# Ok gents...would you, could you?



## Crimnick (May 28, 2006)

Condensed version:

I've had the house to myself for some time now due to Momma getting everything she ever wanted...I had to draw the line at a boy friend...:tongue:

So....I moved my track into the garage a few years back to clear out the basement for one of the ex's projects.... My 22' x 5' - 104' 4 lane - Tomy/AFX- Walker's Glen:











If you could do it...would you take over the living room for a track?....LOL

My Living room is 11'6" x 25' so I know it will fit....I could convert the dining room to my living room, and use the back kitchen to eat in....

I'm really temped to do it as I havent used my track in some time and I'd like to make sure everything till works and gets out of the garage...

But what the hell do I say when a date comes over?

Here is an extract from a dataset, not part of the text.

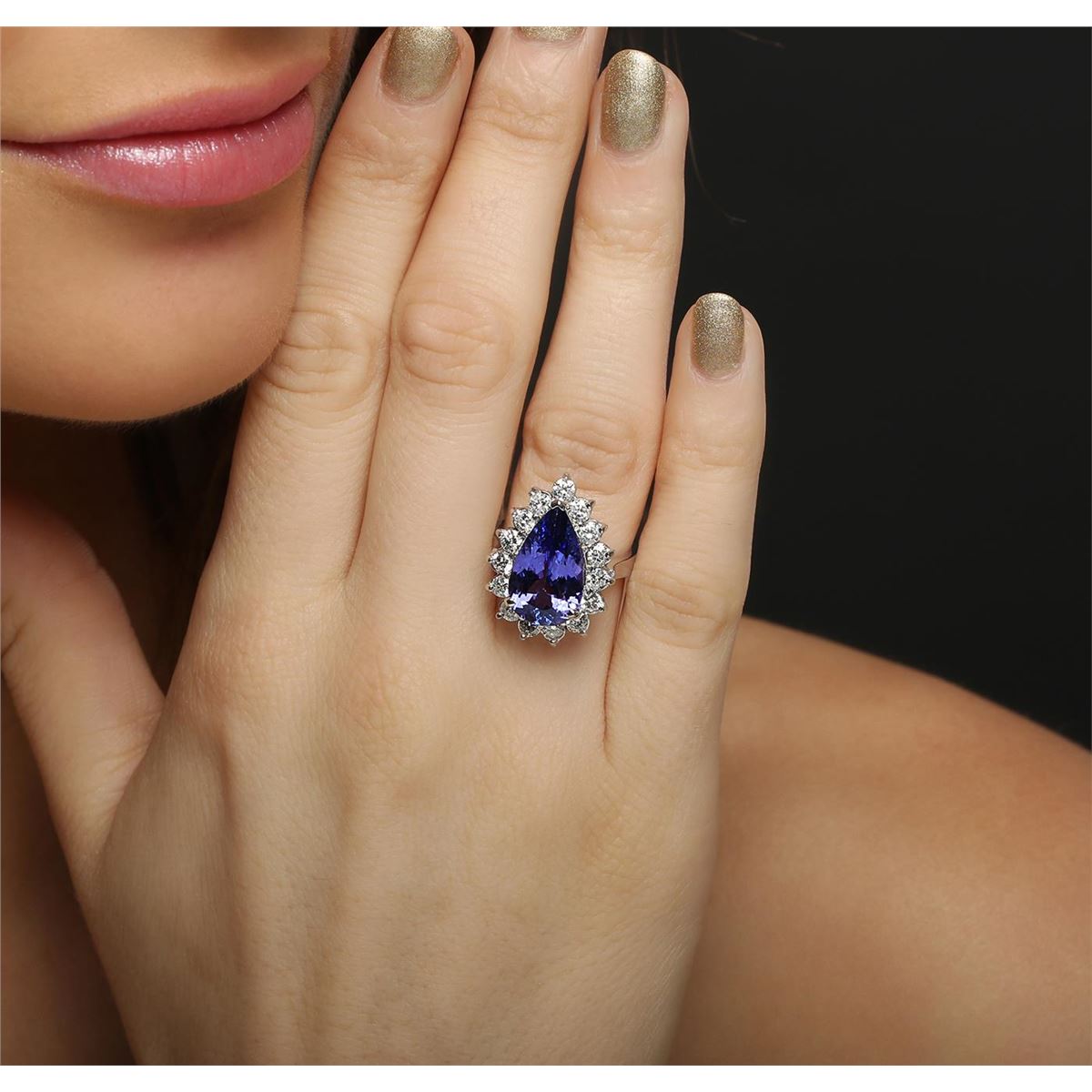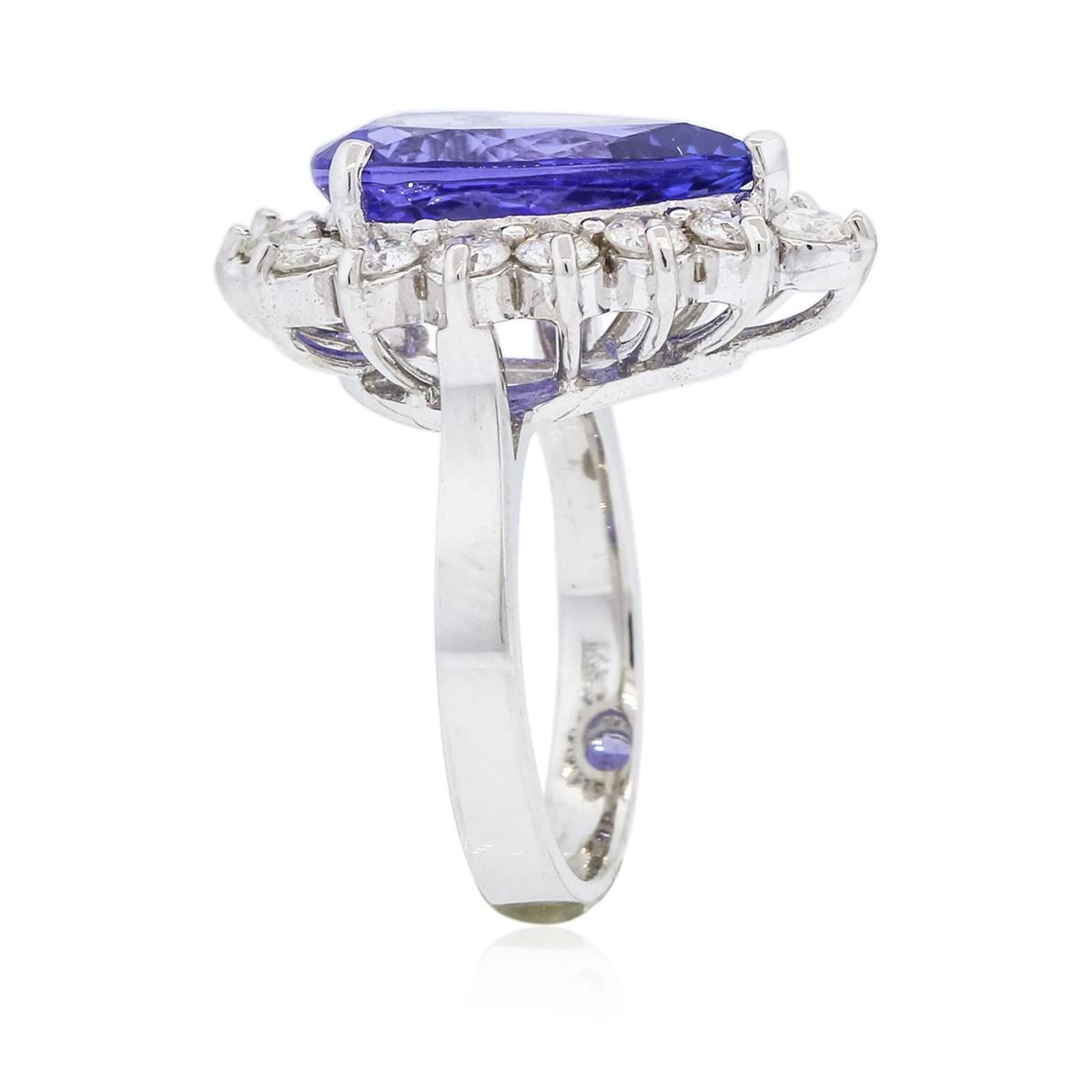 One electronically tested 14KT white gold ladies combination cast & assembled ring with a bright polish finish. Condition is new. Identified with markings of "K14". Containing: One prong set pear modified brilliant cut natural tanzanite, measuring 15.30 x 9.54 x 5.50mm, approximate weight of 5.38ct., clarity is eye clean, type I, medium, moderately strong, violetish blue color, (GIA vB 5/4), cut is good. Fifteen prong set round brilliant cut diamonds, measuring 3.00 - 3.00 x 1.80mm (depth est.) approximate. Total Weight of 15 Stones = 1.48ct. Clarity: SI-2 to I-1. Color: J - K, Cut is Good. Colored gemstones are presumed to have been subjected to commonly used enhancement processes. All diamonds and colored gemstones are graded in the mounting, unless otherwise stated. Total Weight of Colored Stones 5.38ct. Total Weight of Diamonds 1.48ct. Total Weight of Ring 7.10 grams. GGL Appraised at $12,470.00.
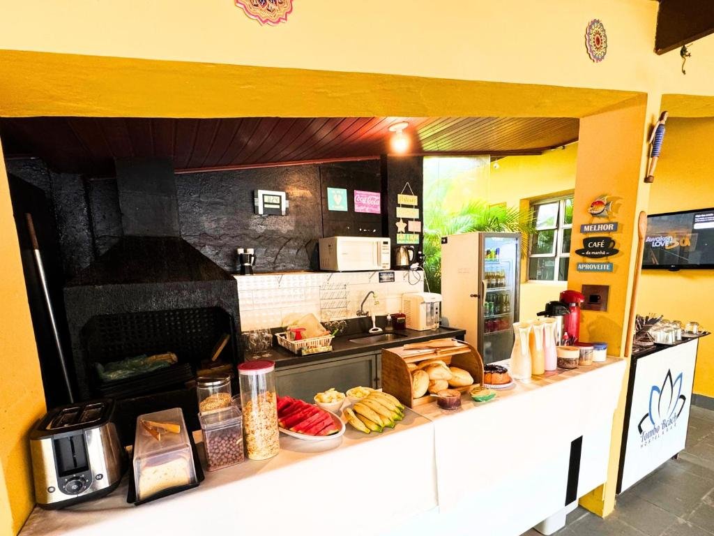 O terraço é outro espaço utilizado para lazer e convivência, oferecendo um ambiente aberto onde os hóspedes podem relaxar durante diferentes momentos do dia. Esse espaço costuma ser utilizado tanto para descanso quanto para socialização, com áreas para sentar e apreciar o clima da Praia do Tombo.

I play with toy cars?.....I built this for the kids?....*snicker*

Should I turn my house into a man cave...Or should I just put it back in the basement?


----------



## leonus (Dec 17, 2013)

Go for it.


----------



## pshoe64 (Jun 10, 2008)

I went through a similar situation about 15 years ago. I found it very therapeutic to do what I wanted after the chaos was over. I bought a motorcycle to replace the one I gave up, updated my guitar and started playing in public again and most important, got the track back in place and stated building my cars again. When I started dating again, and it took a couple of years to find her, I wound up marrying a very cool lady that likes the "little toy cars" as much as I do (well almost). I often ask myself the question, Why didn't I find her the first time around????

The living room sounds like it needs a name change to the "Race Track Room"!

-Paul


----------



## slots-n-stuff (Oct 18, 2006)

You don't need to ask permission anymore... You're your own man now... You can do what you want too do it's your house. Now Go ahead and make it your home....


----------



## vaBcHRog (Feb 19, 2003)

Man Cave Man Cave do it life is too short enjoy what you like?


----------



## rodstrguy (Feb 14, 2002)

Back in the basement if it is a good livable space... My basement would be FULL of a track if it were not for the wife... I have to keep it reasonable.


----------



## tasman (Feb 17, 2007)

I think I would opt for the basement. My interest seems to come and go. I can spend a couple of months using my track a few times a week and then go sometimes 3 or 4 months where I hardly use it at all.

If you are similar I think you would regret having it in the living room during times when your interest is low. Also, I think I would only want to move it once.

Either way you get it back into a heated/cooled area where you don't have to worry about outside temp.


----------



## white_n_az (Apr 15, 2015)

Been there, done that.

Depends upon your interest in finding another woman because another woman is not going to be impressed by the slot car setup in the primary living areas. Just sayin...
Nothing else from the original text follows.